Rain came in droves, the clouds black and endless out on the harbor. There seemed to be a battle with the dregs of winter and the arrival of spring. Neither one wanted to cede to the other. I took a seat on a couch facing a big-screen television. On a large wooden coffee table stood the last remnants of Z’s tenure at Henry’s gym, an empty bottle of Jack Dan
iel’s. Henry and I saw it at the same time.
Henry picked up the bottle, twirled it in his fingers, inspecting the label. He nodded and sat across from me. The rain pinged pleasantly on the glass. I wished Z had left us a couple drops of the whiskey.

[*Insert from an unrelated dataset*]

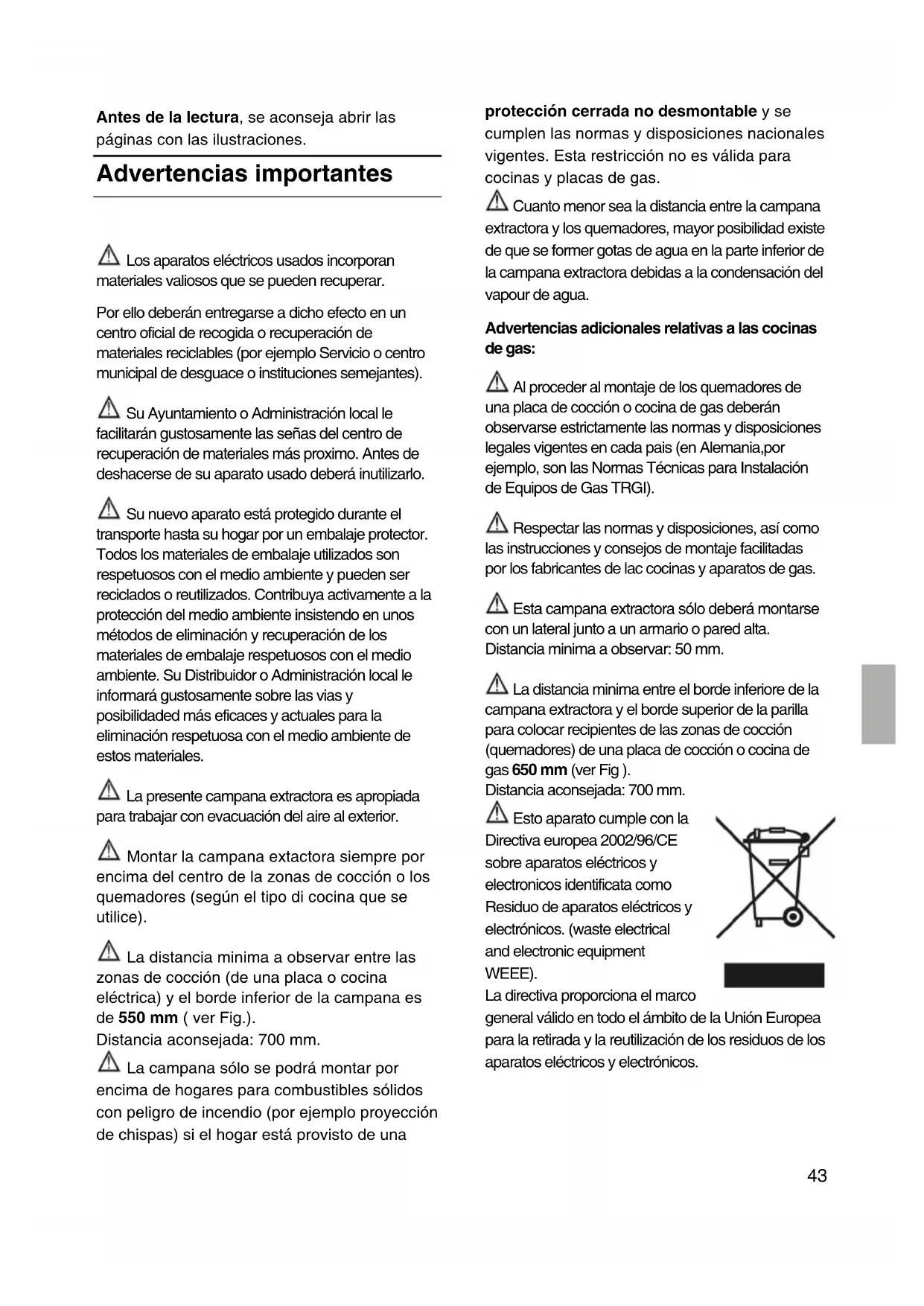 Antes de la lectura, se aconseja abrir las páginas con las ilustraciones. Advertencias importantes Los aparatos eléctricos usados incorporan materiales valiosos que se pueden recuperar. Por ello deberán entregarse a dicho efecto en un centro oficial de recogida o recuperación de materiales reciclables (por ejemplo Servicio o centro municipal de desguace o instituciones semejantes). Su Ayuntamiento o Administración local le facilitarán gustosamente las señas del centro de recuperación de materiales más proximo. Antes de deshacerse de su aparato usado deberá inutilizarlo. Su nuevo aparato está protegido durante el transporte hasta su hogar por un embalaje protector. Todos los materiales de embalaje utilizados son respetuosos con el medio ambiente y pueden ser reciclados o reutilizados. Contribuya activamente a la protección del medio ambiente insistendo en unos métodos de eliminación y recuperación de los materiales de embalaje respetuosos con el medio ambiente. Su Distribuidor o Administración local le informará gustosamente sobre las vias y posibilidaded más eficaces y actuales para la eliminación respetuosa con el medio ambiente de estos materiales. La presente campana extractora es apropiada para trabajar con evacuación del aire al exterior. Montar la campana extactora siempre por encima del centro de la zonas de cocción o los quemadores (según el tipo di cocina que se utilice). La distancia minima a observar entre las zonas de cocción (de una placa o cocina eléctrica) y el borde inferior de la campana es de 550 mm ( ver Fig.). Distancia aconsejada: 700 mm. La campana sólo se podrá montar por encima de hogares para combustibles sólidos con peligro de incendio (por ejemplo proyección de chispas) si el hogar está provisto de una protección cerrada no desmontable y se cumplen las normas y disposiciones nacionales vigentes. Esta restricción no es válida para cocinas y placas de gas. Cuanto menor sea la distancia entre la campana extractora y los quemadores, mayor posibilidad existe de que se former gotas de agua en la parte inferior de la campana extractora debidas a la condensación del vapour de agua. Advertencias adicionales relativas a las cocinas de gas: Al proceder al montaje de los quemadores de una placa de cocción o cocina de gas deberán observarse estrictamente las normas y disposiciones legales vigentes en cada pais (en Alemania,por ejemplo, son las Normas Técnicas para Instalación de Equipos de Gas TRGI). Respectar las normas y disposiciones, así como las instrucciones y consejos de montaje facilitadas por los fabricantes de lac cocinas y aparatos de gas. Esta campana extractora sólo deberá montarse con un lateral junto a un armario o pared alta. Distancia minima a observar: 50 mm. La distancia minima entre el borde inferiore de la campana extractora y el borde superior de la parilla para colocar recipientes de las zonas de cocción (quemadores) de una placa de cocción o cocina de gas 650 mm (ver Fig ). Distancia aconsejada: 700 mm. Esto aparato cumple con la Directiva europea 2002/96/CE sobre aparatos eléctricos y electronicos identificata como Residuo de aparatos eléctricos y electrónicos. (waste electrical and electronic equipment WEEE). La directiva proporciona el marco general válido en todo el ámbito de la Unión Europea para la retirada y la reutilización de los residuos de los aparatos eléctricos y electrónicos.44

“Didn’t see this coming,” Henry said.
“All may not be what it seems.”
“Looks like he’s hitting the hooch.”
“He’s working for me.”
“Did he tell you he’d left?”
“Nope.”
“What does that say?”
“It says he’ll shout when he needs it.”
“That’s nuts.”
“Got to trust him.”
“How long since you heard from him?”
“Two days.”
“Two days,” Henry said. “Christ.”
Henry placed the bottle back on the coffee table. Wind kicked up from the harbor, rain hammered the glass, and the masts of boats bobbed up and down and side to side.
“He’s in trouble,” Henry said.
“He wants to do this alone.”
“Now you’re talking like a shrink.”
“It’s how he’ll finish the business,” I said. “He needs me, he’ll let me know.”

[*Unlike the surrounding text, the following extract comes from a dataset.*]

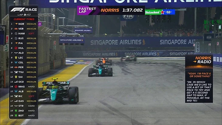 В команде поинтересовались у Норриса, как ему темп, и сказали, что было бы желательно чуть-чуть прибавить и уехать от Ферстаппена на 5 секунд, чтобы чувствовать себя комфортно.

“I say he needs help,” Henry said. “Hadn’t been for me, you wouldn’t have met the Weinbergs.”
“Hadn’t been for you, I might be dead.”
Henry shrugged. “That’s an oversimplification of my role in your life.”
“Discipline and self-reliance.”
Henry leaned into the chair. We both sat, watching the storm crack to life across the waterfront. Thunder rattled the picture windows. Lightning zipped in crooked patterns. The harbor churned and seemed to turn black. Quite a show.
“How come we never thought about training anyone else?”
“Never saw anyone with as much potential,” I said.
“You coulda let him go like Hawk.”
“If he were so inclined.”
“But he’s not.”
“Up to him.”
“And you like passing on your skills to the next guy who does what you do.”